Uber Builds AI Version of CEO Dara Khosrowshahi

Uber engineers have developed an artificial intelligence powered version of Chief Executive Officer Dara Khosrowshahi, in an internal experiment aimed at scaling executive communication and decision making frameworks across the organisation. The initiative reflects a growing corporate trend of using AI avatars and conversational systems to replicate leadership insights and make institutional knowledge more accessible to employees.

The AI system, described as a digital representation of Khosrowshahi, was built by Uber’s engineering teams to answer questions and provide guidance based on the CEO’s public communications, strategic priorities and documented viewpoints. The project was reportedly created as a proof of concept to explore how generative AI can capture and distribute executive thinking at scale.

According to details shared about the initiative, the AI version of Khosrowshahi was trained on transcripts of company meetings, public interviews, internal communications and other documented materials. By analysing patterns in language, tone and recurring themes, engineers sought to create a conversational interface that could respond to employee queries in a manner aligned with the CEO’s perspectives.

The experiment highlights how large language models are increasingly being deployed within enterprises beyond customer facing applications. While much of the attention around generative AI has focused on chatbots, content creation and coding assistance, companies are also exploring ways to embed AI into leadership workflows and internal knowledge systems.

For a global company such as Uber, which operates across multiple markets and business lines, ensuring alignment around strategy can be complex. An AI system that reflects executive priorities could potentially help managers and teams understand decision making principles without direct access to senior leadership. It could also serve as a training tool for new employees seeking clarity on company direction.

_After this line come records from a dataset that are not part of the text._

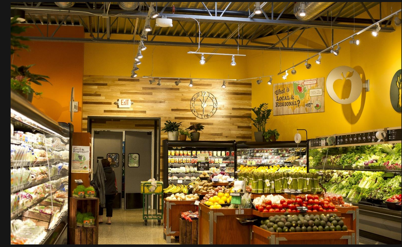
Outpost Natural Foods - Mequon
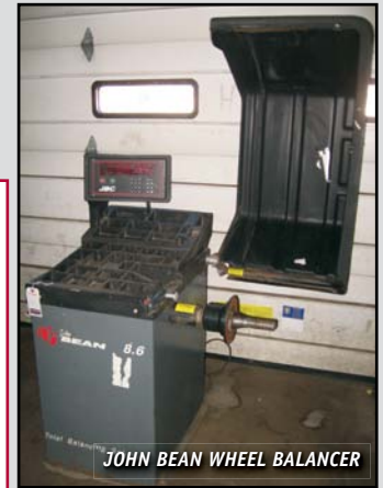
JOHN BEAN WHEEL BALANCER
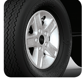
5-Spoke Wheel Cover
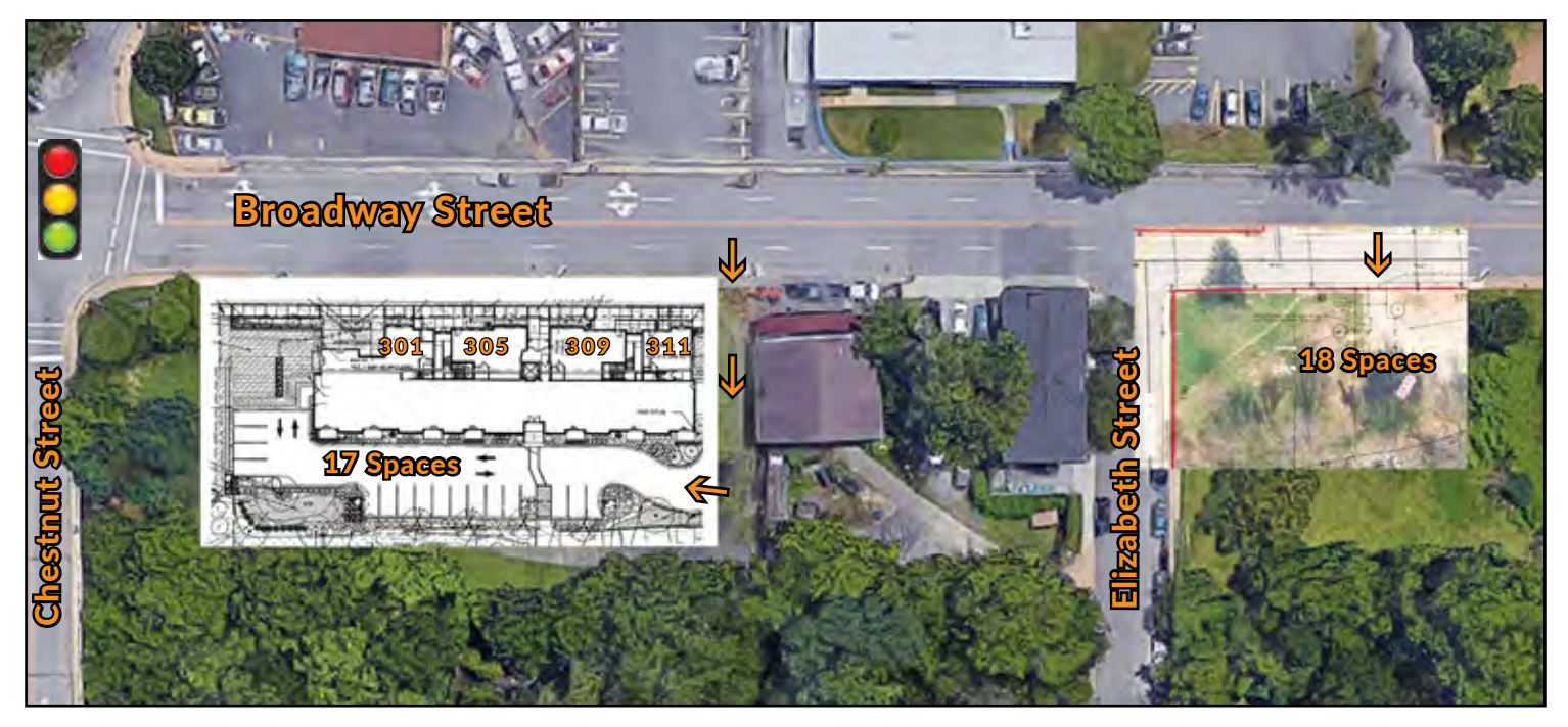
Aerial showing parking plan of 35 non-exclusive spaces: 17 behind 257 Broadway, and 18 spaces at corner of Broadway and Elizabeth
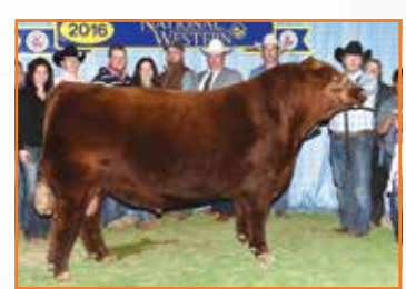
SIX MILE TAURUS 519A
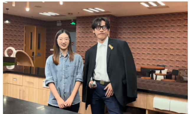
Open day highlights - Introduction video of Department of Integrated Resort and Tourism Management facilities
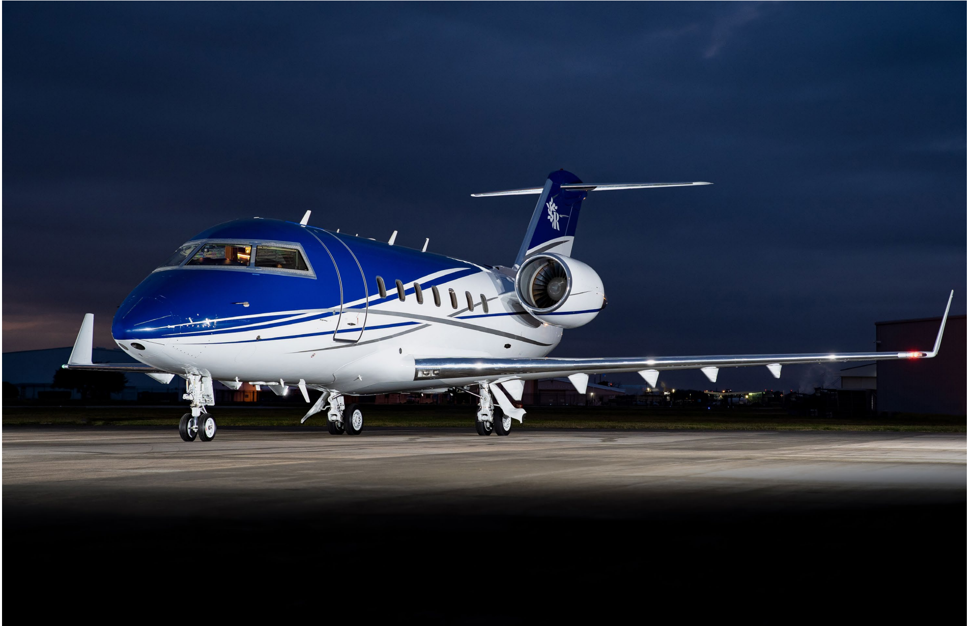
1992 Challenger 601-3A SN 5116 N436DM
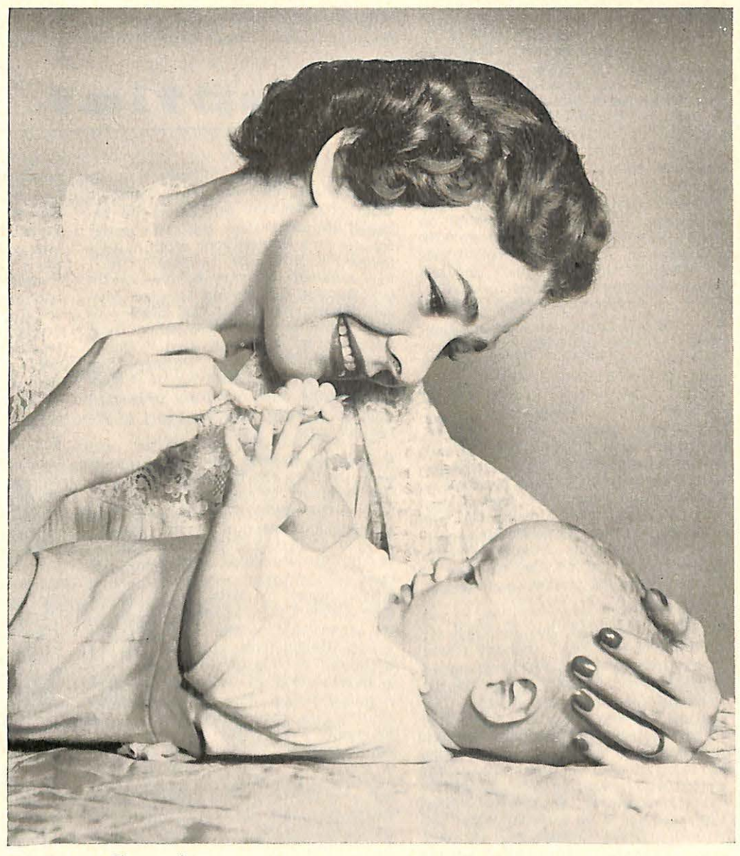
Born to Grow!
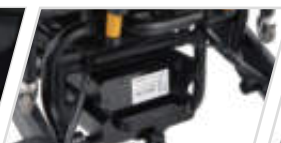
Convenient battery pack
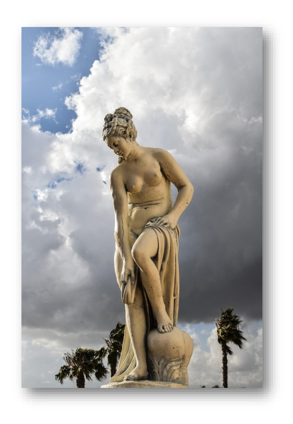
THE 7th GATE, Copyright © ad continuum Starlogic Astrodynamics
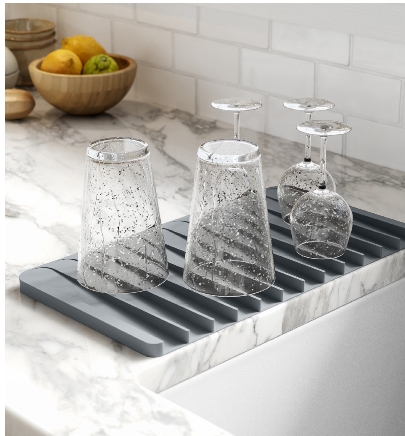
Self-Draining Silicone Dish Drying Mat (KDM-10)
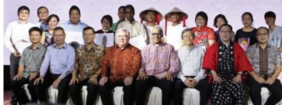
Long service award recipients of SACS with members of SACS and SAMH Board and Management.
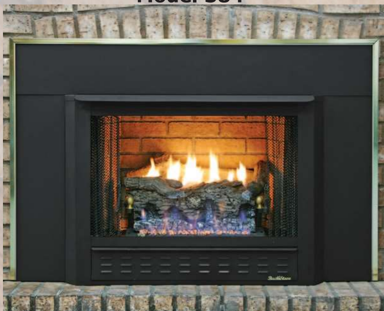
Shown As Fireplace Insert With Trim Kit
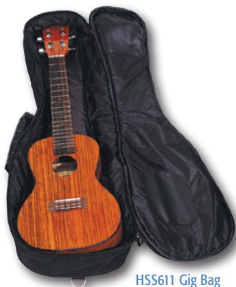
HSS611 Gig Bag
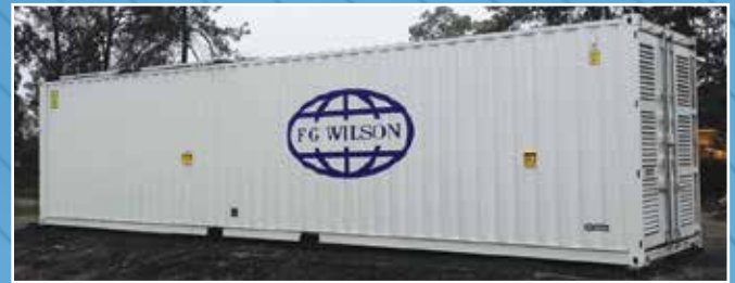
AT3050: 1700 KVA PERKINS/FG WILSON GENERATOR SET: Perkins V16 Quad Turbo Engine – 1267 Hours – Complete with Control Panel and Exhaust. Condition: Excellent

THIS IS A SELECTION ONLY OF EQUIPMENT AVAILABLE

Uber has not positioned the AI CEO as a replacement for human leadership. Rather, the project appears to be an exploration of how generative AI can augment communication. By making executive insights searchable and interactive, the company may be seeking to reduce information silos and improve organisational efficiency.

Industry analysts note that the concept of AI avatars modelled on senior leaders raises both opportunities and concerns. On one hand, it can democratise access to institutional knowledge and reduce dependence on hierarchical communication channels. On the other hand, questions around accuracy, context and potential misinterpretation remain significant.

Generative AI systems rely on training data and probabilistic models to produce responses. Even when trained on carefully curated material, such systems can generate outputs that deviate from intended messaging. In a corporate environment, this risk underscores the importance of oversight and clear disclaimers regarding the scope of AI generated guidance.

The Uber experiment comes amid broader interest in AI driven digital twins, where organisations create virtual representations of individuals, processes or systems. In some industries, digital twins are used to simulate manufacturing operations or predict infrastructure performance. Extending the concept to executive communication represents a novel application of the technology.

From a martech perspective, the development signals how AI is reshaping internal branding and corporate storytelling. If leadership philosophies can be translated into interactive systems, companies may be able to maintain consistent messaging across geographies. However, maintaining authenticity remains a challenge, particularly when human nuance is filtered through algorithms.

The initiative also reflects Silicon Valley’s culture of rapid experimentation with emerging technologies. Technology companies have been early adopters of generative AI tools, integrating them into engineering, customer support and product design. Building an AI representation of a CEO can be seen as part of this broader innovation cycle.

Observers caution that while such tools can improve accessibility, they cannot fully replicate human judgement. Executive decisions often involve confidential considerations, evolving market conditions and interpersonal dynamics that extend beyond documented statements. As a result, AI systems may be best suited as supplementary resources rather than authoritative sources.

The experiment may also prompt discussions about consent and representation. Even within corporate settings, the creation of AI versions of individuals raises ethical considerations regarding voice, likeness and interpretation. Clear governance frameworks are likely to become increasingly important as similar projects emerge.

For Uber, the AI CEO project underscores its ongoing engagement with advanced technologies. The company has previously invested in autonomous vehicles, mapping systems and machine learning to optimise ride matching and pricing algorithms. Exploring generative AI for leadership communication represents another dimension of this technological focus.

As enterprises continue to test AI applications internally, the balance between innovation and accountability will remain central. Tools that enhance transparency and knowledge sharing can deliver measurable benefits. At the same time, organisations must guard against over reliance on automated systems in areas requiring human discretion.

Uber’s AI representation of Dara Khosrowshahi illustrates how generative AI is moving into new operational territories. Rather than being confined to customer interactions or software development, it is beginning to shape how companies codify and disseminate leadership thinking. Whether such systems become standard practice across corporate environments will depend on their effectiveness, governance and employee trust.

For now, the project stands as an example of how businesses are experimenting with AI to redefine internal communication. As adoption accelerates, similar initiatives may surface across industries seeking scalable ways to share strategic intent and executive insight.